Bei den Wahlen zu den Gemeindeversammlungen in den Bundesländern (nur das Burgenland hat zu wenig registrierte Mitglieder, um zu wählen) konnte Atib 114 von 257 Sitzen erreichen. Gemeinsam mit den beiden anderen großen türkischen Dachvereinen kommt sie auf 70 Prozent der Sitze. Dass die türkische Community in den Gemeindeversammlungen damit überdurchschnittlich repräsentiert sein wird, erklärt sich dadurch, dass ihre Vereine, die die Moscheen betreiben, wesentlich besser organisiert sind als die der anderen muslimischen Gruppen. Lediglich die bosniakischen Vereine in Kärnten können da mithalten. Hingegen haben die arabischen Vereine dem Vernehmen nach bei der Mobilisierung ihrer Mitglieder ziemlich geschwächelt.
Der türkische Staat und Milli Görüs
Damit wird Atib künftig stärkste Kraft innerhalb der IGGiÖ, gefolgt von der ebenfalls türkischen Islamischen Föderation (AIF). Allerdings handelt es sich bei beiden Organisationen nicht bloß um einfache Dachverbände von Moscheevereinen.
Hinter Atib, die 1990 gegründet wurde und mittlerweile 59 Vereine umfasst, steht zum Beispiel das Diyanet Isleri Baskanligi (Präsidium für Religionsangelegenheiten), also niemand Geringerer als der türkische Staat. So sind denn auch alle Imame, die in den Atib-Moscheen predigen, Angestellte des türkischen Staates.
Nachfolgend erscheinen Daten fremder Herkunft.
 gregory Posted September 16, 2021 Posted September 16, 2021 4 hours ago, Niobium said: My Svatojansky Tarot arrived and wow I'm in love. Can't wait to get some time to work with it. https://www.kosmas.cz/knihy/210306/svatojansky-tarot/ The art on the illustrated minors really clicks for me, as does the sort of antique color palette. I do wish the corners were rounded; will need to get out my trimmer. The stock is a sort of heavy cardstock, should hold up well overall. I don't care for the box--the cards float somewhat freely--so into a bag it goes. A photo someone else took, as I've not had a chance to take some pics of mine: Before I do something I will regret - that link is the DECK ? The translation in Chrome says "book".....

Vorsitzender ist stets der Botschaftsrat in der türkischen Botschaft.
Diese Nähe zum eigentlich laizistischen Staat Türkei - tatsächlich gab es in der Türkei nie wirklich eine Trennung von Religion und Staat, sondern vielmehr eine starke Kontrolle der Religion durch den Staat - bringt Atib regelmäßig die Kritik ein, die Mitglieder gezielt türkisch-nationalistisch zu beeinflussen und damit einer Integration entgegenzuwirken. Auch wird kritisiert, dass die Imame, die meist direkt aus der Türkei entsandt werden, oft nicht der deutschen Sprache mächtig sind.
Hinter der zweiten großen türkischen Organisation, der Islamischen Föderation, steht ebenfalls eine Gruppe, die immer wieder für Kritik sorgt: Milli Görüs. In Deutschland etwa wird dieser Organisation Demokratiefeindlichkeit und Nähe zum gewalttätigen Islamismus vorgeworfen. In Österreich ist die AIF hingegen in dieser Richtung noch nicht auffällig geworden. Hierzulande gehören der AIF etwa 50 Vereine an. Die Föderation betreibt auch eigene Kindergärten und ein Gymnasium in Wien.
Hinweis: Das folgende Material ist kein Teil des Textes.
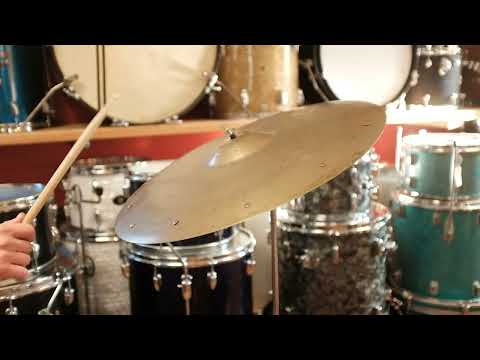 Medium profile with the mid-50s bell cup coming to a somewhat flat top. Complex hammering and consistent lathing. Medium weight with clear, rounded stick definition, and a surprisingly relaxed and billowing crash. Low fundamental note that is sweetened by an even rivet wash.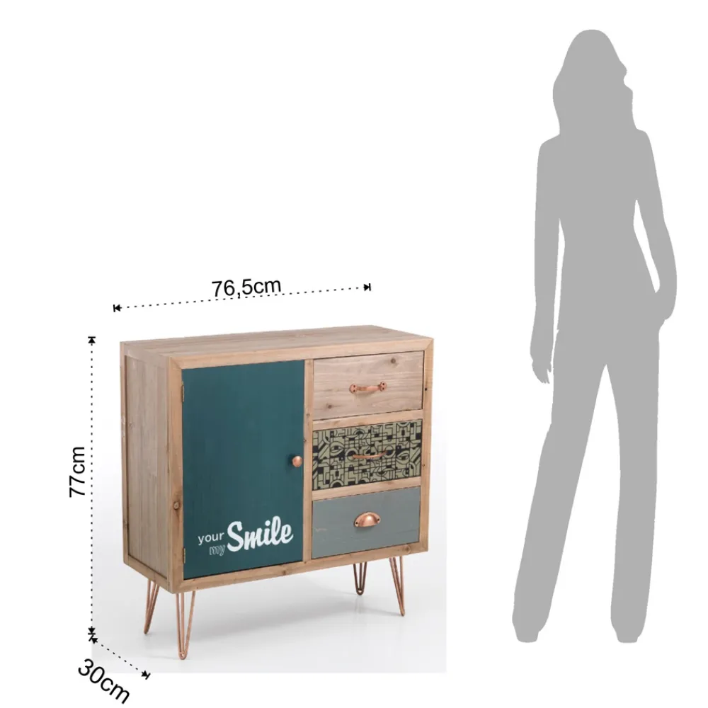 Sideboard aus massivem Tannenholz mit gealtertem Holzfinish und dekoriert mit 3 farbigen/dekorierten/holzfarbenen Schubladen , 1 farbigen und dekorierten Tür , Griffen und Füßen aus kupferfarbenem Metall , komplett .

Verfassung beschränkt die Macht einer Ethnie
Bei der Wahl in Wien wird sich der Trend, dass die türkische Community an Einfluss in der IGGiÖ gewinnt, fortsetzen. Dass die türkischstämmigen Muslime aber nicht die Glaubensgemeinschaft gänzlich übernehmen, dafür sorgt die Verfassung der IGGiÖ. In den Organen - Ausschuss, Schurarat, Oberster Rat - darf eine ethnische Gruppe nämlich nicht mehr als die Hälfte aller Sitze einnehmen. Dennoch gilt als fix, dass der nächste Präsident der Glaubensgemeinschaft aus der türkischen Community kommt.
Der Weg bis dahin ist etwas kompliziert. Die Moscheevereine wählen ihre Delegierten in der Gemeindeversammlung (quasi die Landesvertretung der Muslime). Pro 50 registrierter und wahlberechtigter Mitglieder steht einer Moschee ein Vertreter zu. Wahlberechtigt ist, wer mindestens 14 Jahre alt ist und seinen Mitgliedsbeitrag von 40 Euro bezahlt hat.
Die Gemeindeversammlung wählt ihre Ausschussmitglieder und einen Teil der Mitglieder des Schurarats. Die übrigen Schuraratsmitglieder entsendet der Ausschuss. Der Schurarat wiederum wählt den Obersten Rat und aus diesem den Präsidenten.
Obwohl schätzungsweise 500.000 Muslime in Österreich leben und sich etwa ein Viertel davon hat registrieren lassen, werden nur rund 25.000 Muslime an der Wahl teilnehmen.